Is it true that $\frac{\ln(a)}2=\ln(\sqrt{a})$ for $a>0$? In particular, is $\frac{\ln(2)}{2}=\ln(\sqrt2)$?

Question

I believe the following two identities are correct. For some reason, they look wrong to me. Are they? $$ \frac{ \ln \left( 2 \right) } { 2 } = \ln( \sqrt{2} ) $$ $$ \frac{ \ln \left( a \right) } { 2 } = \ln( \sqrt{a} ) $$ The second one being valid for all $a > 0$.

Answer 1

They are both correct.

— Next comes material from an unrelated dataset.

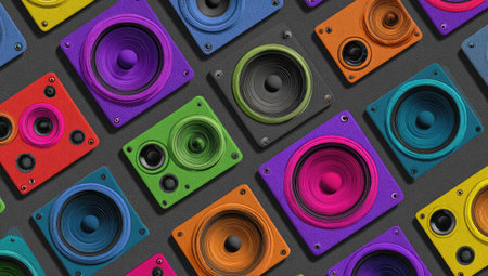 This image features a collection of various colored audio speakers arranged in a pattern. The design showcases a range of bright hues, geometric shapes, and a repetitive composition. It could be used for advertising, graphic design projects, or editorial content related to music and audio technology. The lighting is even, casting no shadows.

To prove them, use the logarithm property $\ln\left(a^b\right)=b\ln(a)$, for $a\gt0$.
This can be rewritten as $$b\ln(a)=\ln\left(a^b\right),\;\;\;\text{for }a\gt0$$ $\frac{\ln(a)}{2}$ can be written as $\frac12\ln(a)$, and $a^{(1/2)}\equiv\sqrt a$.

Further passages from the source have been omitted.